:: Entries supplied ::
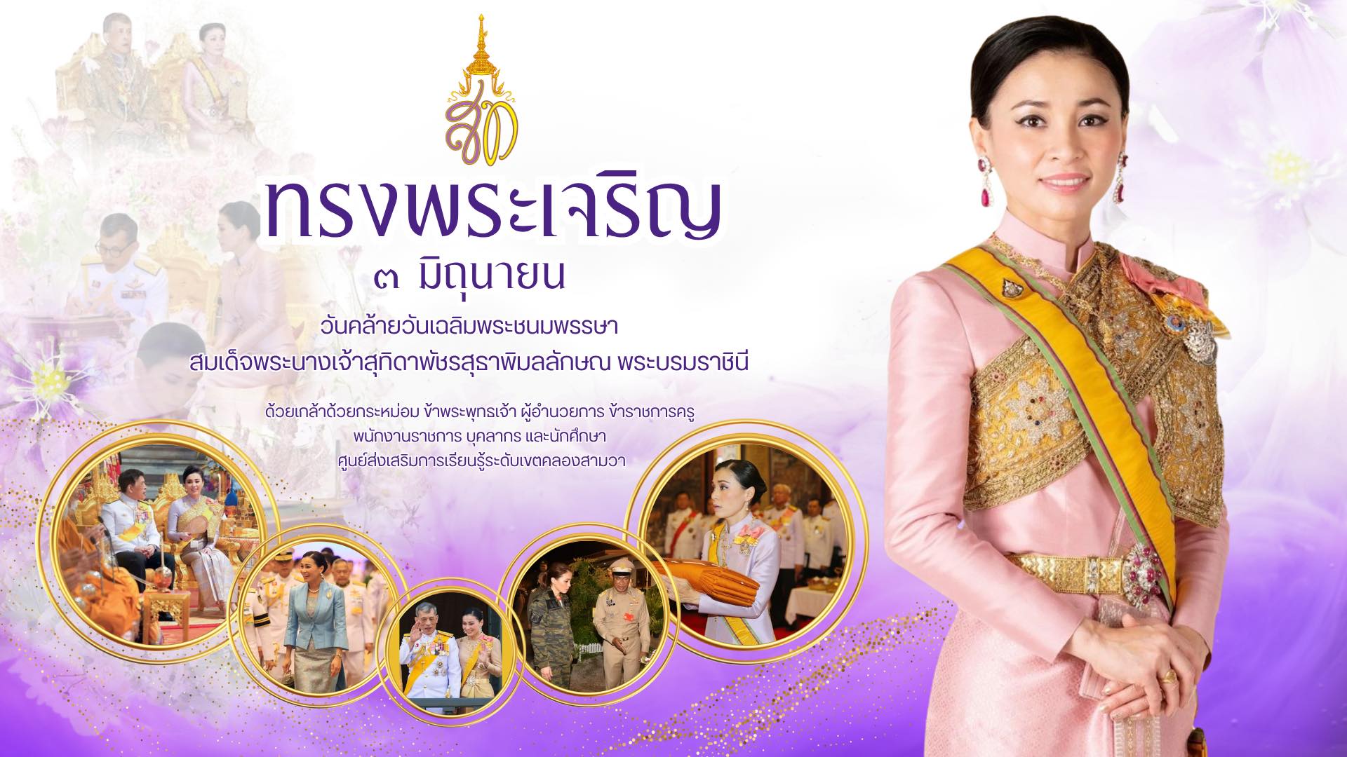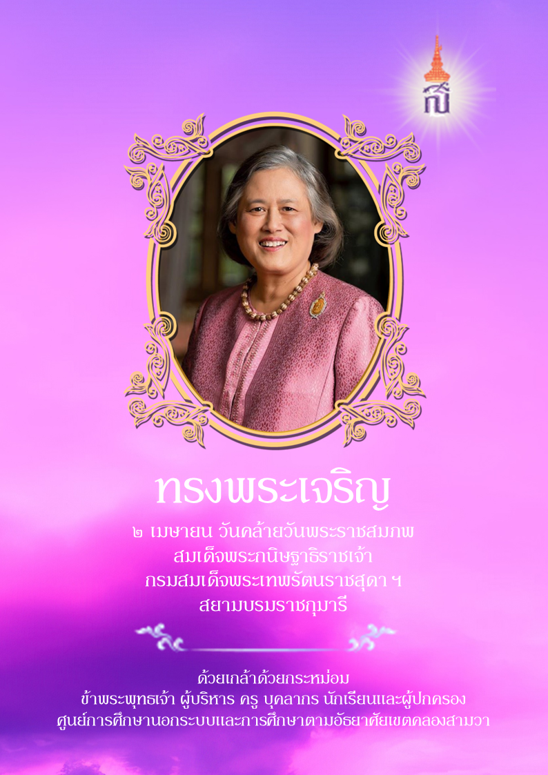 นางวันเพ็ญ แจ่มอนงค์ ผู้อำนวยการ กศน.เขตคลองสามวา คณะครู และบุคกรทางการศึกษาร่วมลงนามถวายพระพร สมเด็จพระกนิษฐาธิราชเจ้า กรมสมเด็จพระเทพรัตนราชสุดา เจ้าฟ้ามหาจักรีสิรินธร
:::
:: Entries supplied ::
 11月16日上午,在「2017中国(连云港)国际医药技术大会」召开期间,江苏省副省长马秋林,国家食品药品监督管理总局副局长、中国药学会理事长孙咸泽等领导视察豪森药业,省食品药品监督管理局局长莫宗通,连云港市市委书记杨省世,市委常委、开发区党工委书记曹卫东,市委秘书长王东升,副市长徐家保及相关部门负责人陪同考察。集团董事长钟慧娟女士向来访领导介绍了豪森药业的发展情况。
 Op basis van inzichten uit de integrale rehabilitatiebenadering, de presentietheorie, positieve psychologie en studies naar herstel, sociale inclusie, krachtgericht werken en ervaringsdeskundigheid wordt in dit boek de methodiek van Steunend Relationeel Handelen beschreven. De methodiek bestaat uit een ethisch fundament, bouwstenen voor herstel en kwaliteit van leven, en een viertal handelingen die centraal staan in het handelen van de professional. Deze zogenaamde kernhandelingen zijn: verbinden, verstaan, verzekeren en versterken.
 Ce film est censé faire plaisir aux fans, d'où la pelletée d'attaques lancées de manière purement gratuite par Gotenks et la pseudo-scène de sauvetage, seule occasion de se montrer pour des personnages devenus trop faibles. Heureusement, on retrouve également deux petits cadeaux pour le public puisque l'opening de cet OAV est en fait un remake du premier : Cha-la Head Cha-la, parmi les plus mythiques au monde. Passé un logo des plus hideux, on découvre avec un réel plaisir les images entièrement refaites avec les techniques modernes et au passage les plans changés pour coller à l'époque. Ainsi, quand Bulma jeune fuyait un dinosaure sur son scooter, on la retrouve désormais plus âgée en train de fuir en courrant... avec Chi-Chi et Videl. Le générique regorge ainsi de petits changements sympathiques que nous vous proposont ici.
:::
:: Entries supplied ::
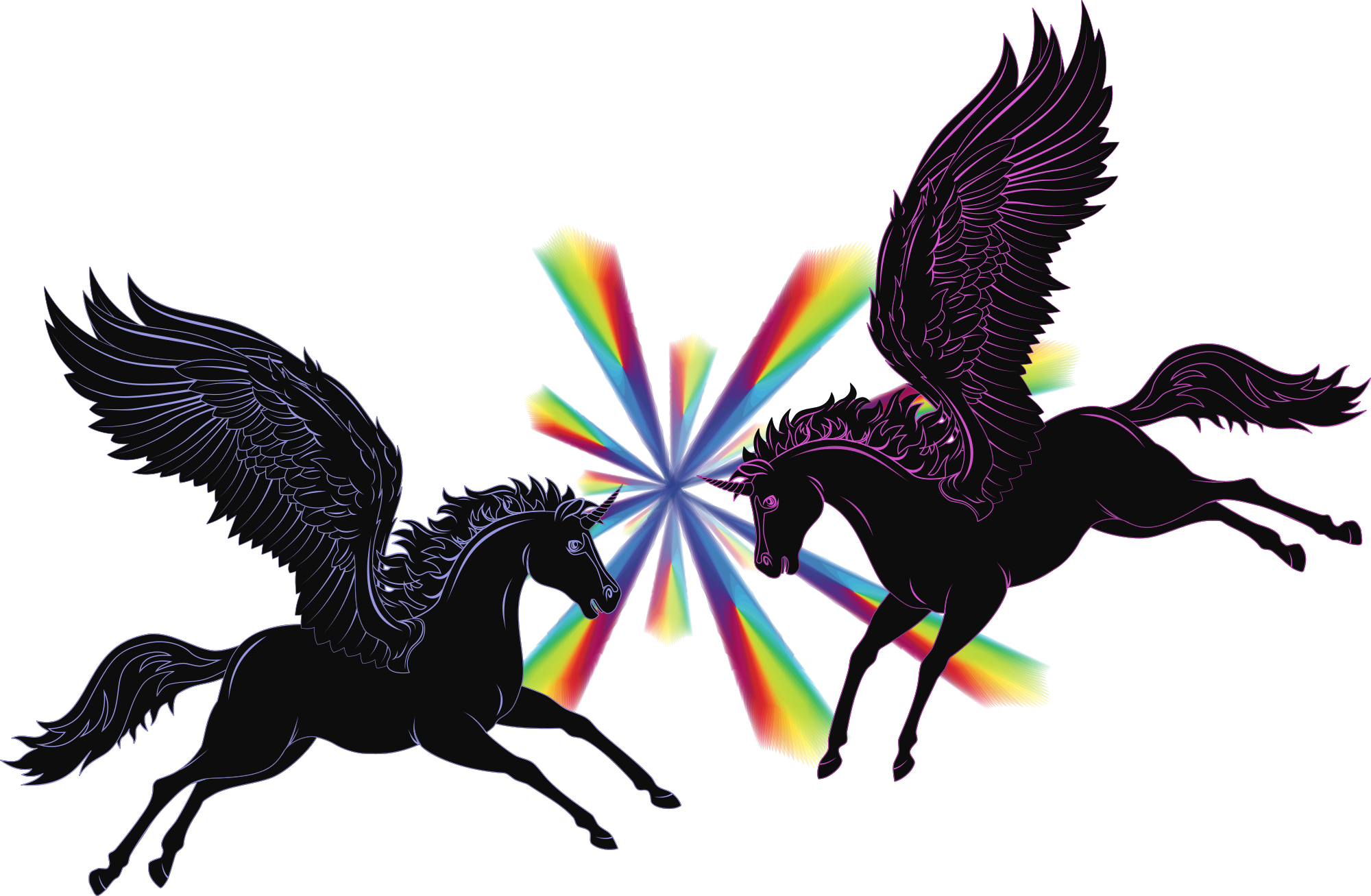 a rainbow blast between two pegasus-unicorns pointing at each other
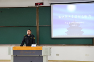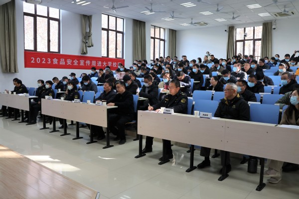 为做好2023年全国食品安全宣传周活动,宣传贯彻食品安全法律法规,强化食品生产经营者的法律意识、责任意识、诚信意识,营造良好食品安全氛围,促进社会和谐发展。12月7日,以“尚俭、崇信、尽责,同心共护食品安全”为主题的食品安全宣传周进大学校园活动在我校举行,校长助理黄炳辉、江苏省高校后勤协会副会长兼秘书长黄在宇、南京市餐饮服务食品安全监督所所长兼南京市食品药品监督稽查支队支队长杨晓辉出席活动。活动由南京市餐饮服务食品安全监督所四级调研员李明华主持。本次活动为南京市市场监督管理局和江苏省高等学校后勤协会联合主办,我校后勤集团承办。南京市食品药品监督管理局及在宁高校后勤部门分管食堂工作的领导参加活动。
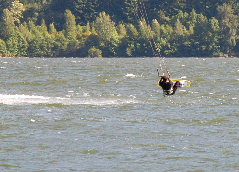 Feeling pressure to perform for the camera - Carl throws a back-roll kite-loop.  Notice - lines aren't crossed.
:::
§ **Exercise directions**: Above are the records. Print exactly, and only, the lines from the line with "11月16日上午,在「201" to the line with "Ce film est", both inclusive.

§ **Written answer**:
 11月16日上午,在「2017中国(连云港)国际医药技术大会」召开期间,江苏省副省长马秋林,国家食品药品监督管理总局副局长、中国药学会理事长孙咸泽等领导视察豪森药业,省食品药品监督管理局局长莫宗通,连云港市市委书记杨省世,市委常委、开发区党工委书记曹卫东,市委秘书长王东升,副市长徐家保及相关部门负责人陪同考察。集团董事长钟慧娟女士向来访领导介绍了豪森药业的发展情况。
 Op basis van inzichten uit de integrale rehabilitatiebenadering, de presentietheorie, positieve psychologie en studies naar herstel, sociale inclusie, krachtgericht werken en ervaringsdeskundigheid wordt in dit boek de methodiek van Steunend Relationeel Handelen beschreven. De methodiek bestaat uit een ethisch fundament, bouwstenen voor herstel en kwaliteit van leven, en een viertal handelingen die centraal staan in het handelen van de professional. Deze zogenaamde kernhandelingen zijn: verbinden, verstaan, verzekeren en versterken.
 Ce film est censé faire plaisir aux fans, d'où la pelletée d'attaques lancées de manière purement gratuite par Gotenks et la pseudo-scène de sauvetage, seule occasion de se montrer pour des personnages devenus trop faibles. Heureusement, on retrouve également deux petits cadeaux pour le public puisque l'opening de cet OAV est en fait un remake du premier : Cha-la Head Cha-la, parmi les plus mythiques au monde. Passé un logo des plus hideux, on découvre avec un réel plaisir les images entièrement refaites avec les techniques modernes et au passage les plans changés pour coller à l'époque. Ainsi, quand Bulma jeune fuyait un dinosaure sur son scooter, on la retrouve désormais plus âgée en train de fuir en courrant... avec Chi-Chi et Videl. Le générique regorge ainsi de petits changements sympathiques que nous vous proposont ici.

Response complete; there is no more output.